## Input data
☆ ☆ ☆
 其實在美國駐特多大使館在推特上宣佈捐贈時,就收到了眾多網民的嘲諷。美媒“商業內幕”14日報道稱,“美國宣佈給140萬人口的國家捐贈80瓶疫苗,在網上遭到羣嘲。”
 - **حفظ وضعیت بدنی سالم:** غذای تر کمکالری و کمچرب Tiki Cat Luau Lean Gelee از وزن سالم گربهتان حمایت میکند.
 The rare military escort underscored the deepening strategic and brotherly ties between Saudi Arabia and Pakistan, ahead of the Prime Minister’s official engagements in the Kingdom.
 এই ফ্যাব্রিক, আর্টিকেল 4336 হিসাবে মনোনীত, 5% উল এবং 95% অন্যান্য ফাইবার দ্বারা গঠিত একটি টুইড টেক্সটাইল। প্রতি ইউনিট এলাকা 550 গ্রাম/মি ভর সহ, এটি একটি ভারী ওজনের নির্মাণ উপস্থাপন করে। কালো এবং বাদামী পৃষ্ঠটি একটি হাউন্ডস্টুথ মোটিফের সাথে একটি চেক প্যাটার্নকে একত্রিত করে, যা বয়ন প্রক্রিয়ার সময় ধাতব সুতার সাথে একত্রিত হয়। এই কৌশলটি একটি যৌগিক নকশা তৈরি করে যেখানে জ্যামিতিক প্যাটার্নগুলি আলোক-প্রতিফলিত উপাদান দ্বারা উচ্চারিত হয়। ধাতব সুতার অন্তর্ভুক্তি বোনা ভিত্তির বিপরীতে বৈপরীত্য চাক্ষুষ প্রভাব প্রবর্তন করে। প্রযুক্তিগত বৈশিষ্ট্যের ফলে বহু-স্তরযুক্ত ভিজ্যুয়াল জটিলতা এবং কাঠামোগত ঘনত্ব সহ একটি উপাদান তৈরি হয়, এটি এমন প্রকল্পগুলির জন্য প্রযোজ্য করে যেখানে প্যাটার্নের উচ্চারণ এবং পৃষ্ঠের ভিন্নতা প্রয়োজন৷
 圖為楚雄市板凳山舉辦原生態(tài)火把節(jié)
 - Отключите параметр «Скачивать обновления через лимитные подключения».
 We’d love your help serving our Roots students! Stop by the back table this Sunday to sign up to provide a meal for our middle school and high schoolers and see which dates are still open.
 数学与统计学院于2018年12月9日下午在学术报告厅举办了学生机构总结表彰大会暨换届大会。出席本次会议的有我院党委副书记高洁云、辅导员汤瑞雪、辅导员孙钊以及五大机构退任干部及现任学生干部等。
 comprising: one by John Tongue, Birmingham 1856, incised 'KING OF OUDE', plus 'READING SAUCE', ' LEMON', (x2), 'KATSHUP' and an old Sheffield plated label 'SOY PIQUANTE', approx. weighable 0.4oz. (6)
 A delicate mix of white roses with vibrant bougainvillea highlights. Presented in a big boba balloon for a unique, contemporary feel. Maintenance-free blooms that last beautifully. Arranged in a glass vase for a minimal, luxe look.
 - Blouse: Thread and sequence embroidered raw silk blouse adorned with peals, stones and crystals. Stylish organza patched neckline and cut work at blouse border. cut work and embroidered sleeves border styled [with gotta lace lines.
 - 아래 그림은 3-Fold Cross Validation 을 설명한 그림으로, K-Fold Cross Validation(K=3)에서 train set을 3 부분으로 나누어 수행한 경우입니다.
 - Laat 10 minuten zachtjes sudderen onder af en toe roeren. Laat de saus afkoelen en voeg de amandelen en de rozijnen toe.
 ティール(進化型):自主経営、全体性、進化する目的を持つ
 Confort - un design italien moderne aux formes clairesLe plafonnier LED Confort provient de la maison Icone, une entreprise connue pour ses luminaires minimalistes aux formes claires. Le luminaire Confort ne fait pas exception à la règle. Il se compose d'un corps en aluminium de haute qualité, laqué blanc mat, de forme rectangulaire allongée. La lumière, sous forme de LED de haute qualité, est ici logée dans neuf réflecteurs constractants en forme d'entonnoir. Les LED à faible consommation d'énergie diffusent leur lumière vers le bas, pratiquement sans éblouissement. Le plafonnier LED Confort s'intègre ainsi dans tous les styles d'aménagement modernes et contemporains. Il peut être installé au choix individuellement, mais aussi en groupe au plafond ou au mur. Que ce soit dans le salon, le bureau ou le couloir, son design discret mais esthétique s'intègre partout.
☆ ☆ ☆
## What to produce
Where the listing above reaches the line that contains "- Blouse: Thread", start retyping, and finish with the line that contains "ティール(進化型):自主経営、全体性、進化する目的を持つ"; reproduce those lines exactly and no others.

## Result for this task
 - Blouse: Thread and sequence embroidered raw silk blouse adorned with peals, stones and crystals. Stylish organza patched neckline and cut work at blouse border. cut work and embroidered sleeves border styled [with gotta lace lines.
 - 아래 그림은 3-Fold Cross Validation 을 설명한 그림으로, K-Fold Cross Validation(K=3)에서 train set을 3 부분으로 나누어 수행한 경우입니다.
 - Laat 10 minuten zachtjes sudderen onder af en toe roeren. Laat de saus afkoelen en voeg de amandelen en de rozijnen toe.
 ティール(進化型):自主経営、全体性、進化する目的を持つ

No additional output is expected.